那么只是共线了，并且w是任何人，所以这些点全部都要共线。并且两端的人就是答案，并且只有一对。

代码如下：

#pragma comment(linker, "/STACK:1024000000,1024000000")
#include <cstdio>
#include <string>
#include <cstdlib>
#include <cmath>
#include <iostream>
#include <cstring>
#include <set>
#include <queue>
#include <algorithm>
#include <vector>
#include <map>
#include <cctype>
#include <cmath>
#include <stack>
#define frer freopen("in.txt", "r", stdin)

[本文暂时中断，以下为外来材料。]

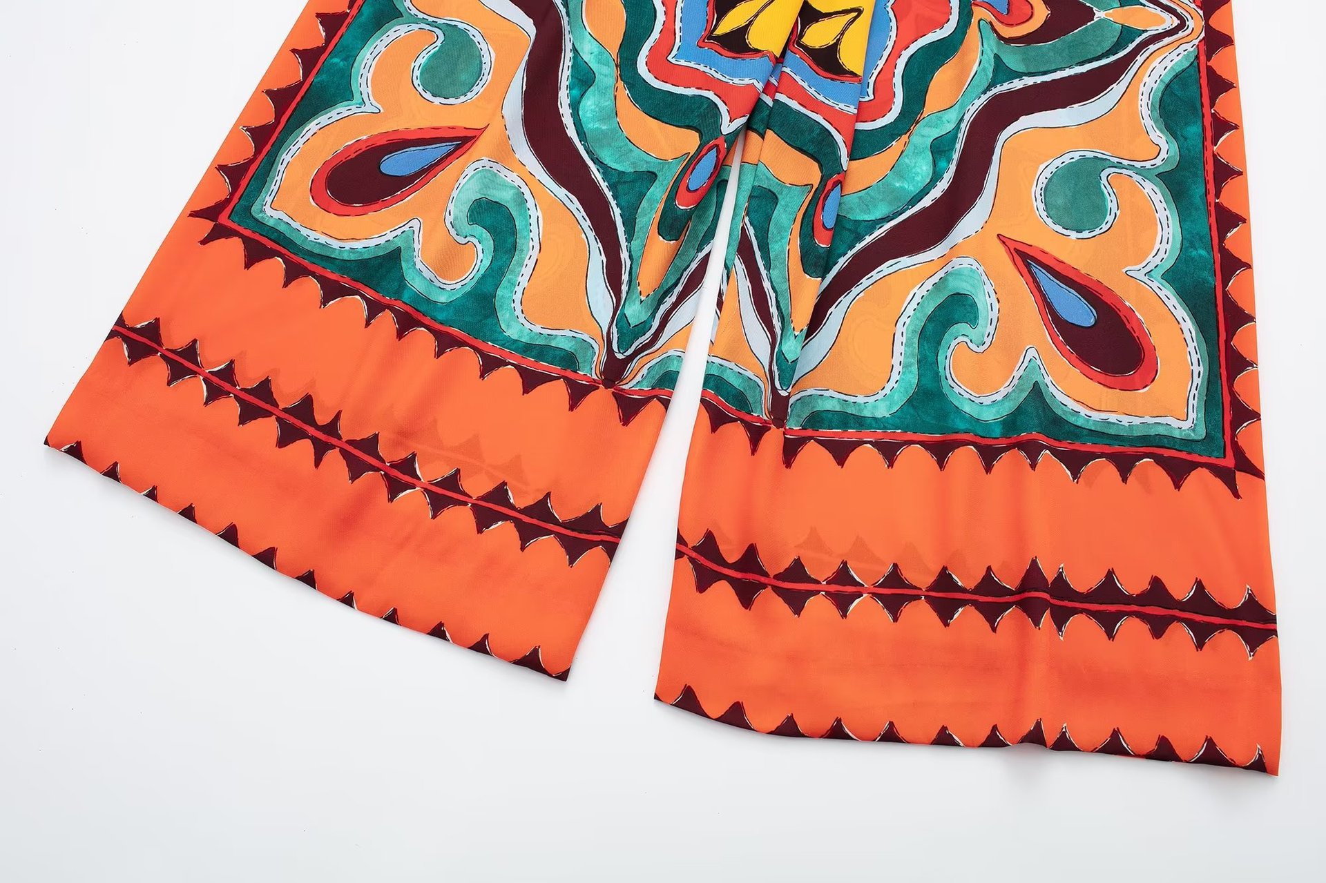V Neck Classic Majolica Series Pattern Print One Piece Swimsuit and Pants or Shorts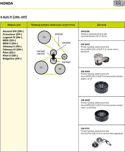 Натяжной ролик (натяжитель) приводного клинового зубчатого ремня Trialli. Артикул CM 5731

#define frew freopen("out.txt", "w", stdout)
using namespace std;
 
typedef long long LL;
typedef pair<int, int> P;
const int INF = 0x3f3f3f3f;
const double inf = 0x3f3f3f3f3f3f;
const double PI = acos(-1.0);
const double eps = 1e-8;
const int maxn = 2e5 + 5;
const int mod = 1e8;
const char *mark = "+-*";
const int dr[] = {-1, 0, 1, 0};
const int dc[] = {0, 1, 0, -1};
int n, m;
const int mon[] = {0, 31, 28, 31, 30, 31, 30, 31, 31, 30, 31, 30, 31};
const int monn[] = {0, 31, 29, 31, 30, 31, 30, 31, 31, 30, 31, 30, 31};
inline int Min(int a, int b){ return a < b ? a : b; }
inline int Max(int a, int b){ return a > b ? a : b; }
inline LL Min(LL a, LL b){ return a < b ? a : b; }
inline LL Max(LL a, LL b){ return a > b ? a : b; }
inline bool is_in(int r, int c){
    return r >= 0 && r < n && c >= 0 && c < m;
}
struct node{
    LL x, y;
    int id;
    node() { }
    node(LL xx, LL yy) : x(xx), y(yy){ }
    bool operator < (const node &p) const{
        return x < p.x || (x == p.x && y < p.y);
    }
};
node a[maxn];
 
int main(){
    while(scanf("%d", &n) == 1){
        LL x, y;
        for(int i = 0; i < n; ++i){
            scanf("%I64d %I64d", &x, &y);
            a[i] = node(x, y);
            a[i].id = i+1;
        }
        bool ok = true;
        for(int i = 2; i < n; ++i)
            if((a[i-1].x-a[i].x)*(a[i-2].y-a[i].y) != (a[i-1].y-a[i].y)*(a[i-2].x-a[i].x)){ ok = false;  break;}
 
        if(!ok){  printf("0\n"); continue; }
        sort(a, a+n);
        printf("1\n%d %d\n", a[0].id, a[n-1].id);
    }
    return 0;
}